New CEO remaking FPC to end reliance on mobile biometrics market

Biometric sensor maker Fingerprint Cards has announced the second significant corporate change in as many quarters. That news comes as the company reports another fiscal quarter with few positive surprises.
“Current market conditions in our largest operating segment mean our gross margin is at a level that is economically unsustainable given our existing cost base,” says FPC‘s new CEO Adam Philpott in a statement. He is restructuring how FPC operates.
In other words, the company is hanging by a frayed rope tied to mobile-device sensors and Philpott feels it needs to rethink familiar fundamental strategies and processes to survive.
It is part of a sprawling product strategy called the Biometrics Platform. It seems as though it has been edging into reality at least for the previous several months.

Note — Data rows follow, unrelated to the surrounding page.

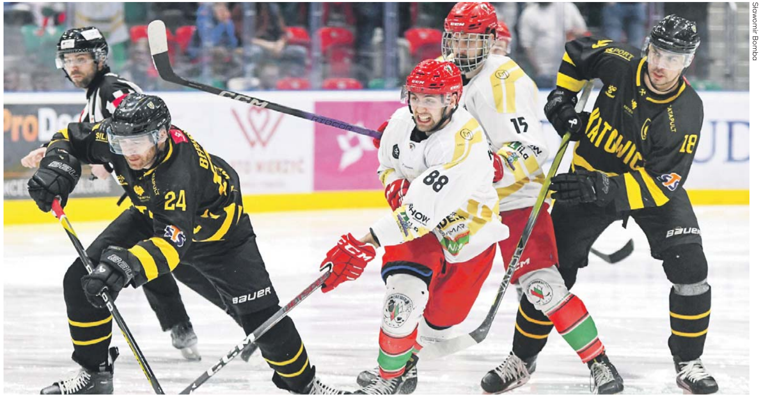
Hokejowe Zagłębie Sosnowiec to pięciokrotny mistrz Polski

Prezes zaznacza, że hokej na lodzie jest bardzo kosztownym sportem. Koszt jednego kija, których w ciągu tygodnia łamie się nawet sześć, to nawet 1500 złotych, a profesjonalnych łyżew – nawet 5000 złotych. Do tego dochodzą koszty utrzymania zawodników czy wyjazdów na mecze. Kluby hokejowe tak jak piłkarskie czy koszykarskie nie mogą liczyć na wielkie pieniądze, nie otrzymują chociażby środków
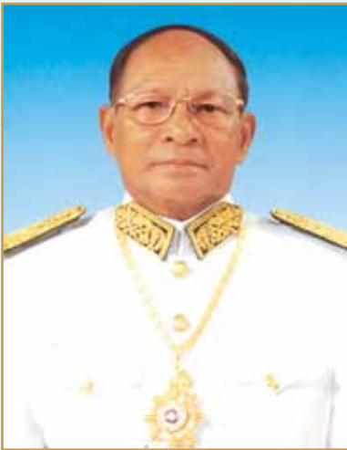
សម្តេចអគ្គមហាសេនាបតីតេជោ
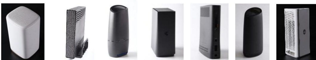
图 9: 智能机顶盒、网通网关组件系列
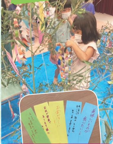
願い事が届きますように…
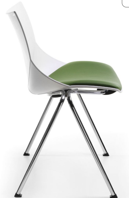
SH 215 2N
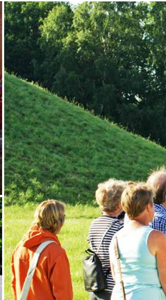
Midsommarfirande, valborgsmassofirande, guidning och fackelvandring är bara några få av de aktiviteter som hembygdsföreningen ordnar.
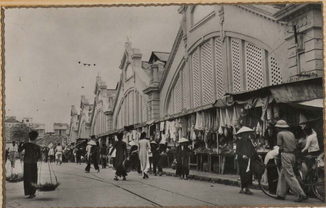
HANOI.- Le Grand Marché.
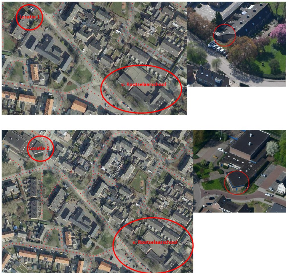
Figuur 2. Locaties tijdelijke huismuskasten (locatie 1 en 2) en vleermuiskasten (locatie 2) ten opzichte van de huidige nestlocatie van de huismus en de verblijfplaats van de gewone dwergvleermuis in de Rootselaarschool.

FPC announced in July it would alter the company by adding a unit for generating new business that will seek new business partners, buyout targets, automotive buyers and ways to turn patents into revenue.
In a statement this week, Philpott pledged that reorganizing as a functional organizational, or centralized, model — one of the oldest corporate models – will save about SEK 204 million (US$18.5 million) a year. It will be in place beginning next summer.

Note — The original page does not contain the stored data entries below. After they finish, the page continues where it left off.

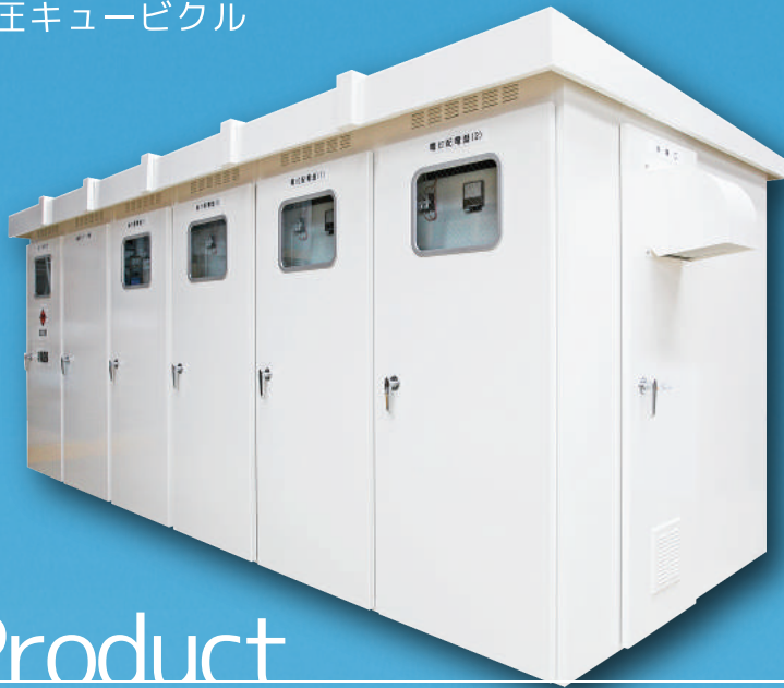
高圧キュービクル
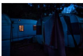
Photo 09- Serge dans sa caravane. L'organisation du village implique une forme de promiscuité entre les habitants. Janvier 2014.
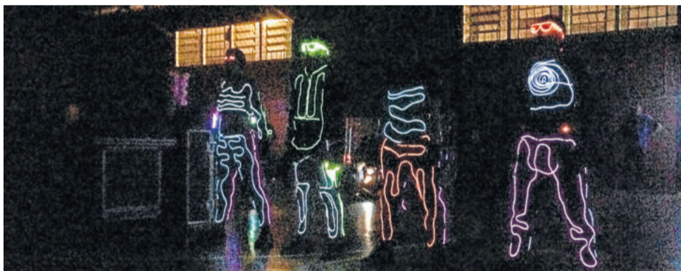
Show "Horizonte de Neon" captou a curiosidade através das luzes de led
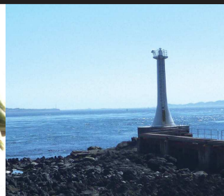
⑧瀬崎(セツメザキ) / 3～6月の大潮期には、蒸流の早さが増し、直径20mの湧きあがりが見られる。釣りポイントでもある。

①Suwa Pond/The pond is the largest in the Shimabara Peninsula. It is one of the elements that make up the Shimabara Peninsula world Geopark. ②Unzen Jigoku(Hell Hot Spring)/With its high temperature, dreadful spewing of fumes smelling of sulfur compounds and billowing white smoke, this spring is a picture of Hell itself. ③Tanada Observatory/From this observatory guests can see beautiful terraced rice fields which were selected in the top 100 terraced rice fields of Japan. ④Tani no Kaki/White puffer is a 100-year-old specialty of Unzen. It is made from a special kind of puffer fish caught in the sea near Unzen. It is a delicacy that is loved by many people.

FPC describes its current setup as a scalable business model, one that is more flexible than other models.
Behind all this is corporate complacency, expecting mobile orders to return to historic levels. But the prophesied turnaround in the phone market has not arrived, he said, and even if it did, the mobile market is mature, which means intense price pressure that melts gross margins.

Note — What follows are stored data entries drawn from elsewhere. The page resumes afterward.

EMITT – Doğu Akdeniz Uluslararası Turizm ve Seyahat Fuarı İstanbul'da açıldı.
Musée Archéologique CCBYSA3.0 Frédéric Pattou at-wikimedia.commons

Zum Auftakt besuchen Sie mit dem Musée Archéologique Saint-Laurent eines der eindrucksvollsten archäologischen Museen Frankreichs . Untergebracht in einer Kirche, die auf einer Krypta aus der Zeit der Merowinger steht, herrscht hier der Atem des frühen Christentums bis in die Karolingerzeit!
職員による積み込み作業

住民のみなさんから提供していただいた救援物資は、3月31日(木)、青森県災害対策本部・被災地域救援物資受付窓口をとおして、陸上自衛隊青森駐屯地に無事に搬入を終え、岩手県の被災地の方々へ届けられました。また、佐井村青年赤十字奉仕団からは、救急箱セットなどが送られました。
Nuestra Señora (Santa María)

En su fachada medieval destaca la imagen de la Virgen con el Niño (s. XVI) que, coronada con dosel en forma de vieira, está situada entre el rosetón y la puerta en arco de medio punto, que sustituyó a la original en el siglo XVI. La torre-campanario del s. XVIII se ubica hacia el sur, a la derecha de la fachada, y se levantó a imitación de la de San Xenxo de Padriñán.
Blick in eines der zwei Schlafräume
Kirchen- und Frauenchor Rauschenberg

The Biometrics Platform strategy will address this by trying to mine revenue from government and security, enterprise and industrial, health care and financial businesses. Philpott says they make up three-quarters of all revenue in biometrics, a condition that is not reflected in FPC’s efforts or rewards.
He also says he is interested in developing software licensing, biometrics for emerging technologies and even buyouts.
That last ambition might be a medium-term vision, however.
For the third quarter, ended September 30, the company reported a loss of SEK 63.8 million ($5.83 million), or SEK 0.17 ($0.016) per share, on revenue of SEK 184.8 million ($16.9 million). For the same period last year, the company reported a loss of SEK 59.8 million ($5.47 million), or SEK 0.17 ($0.016) per share on revenue of SEK 143.2 million ($13.1 million).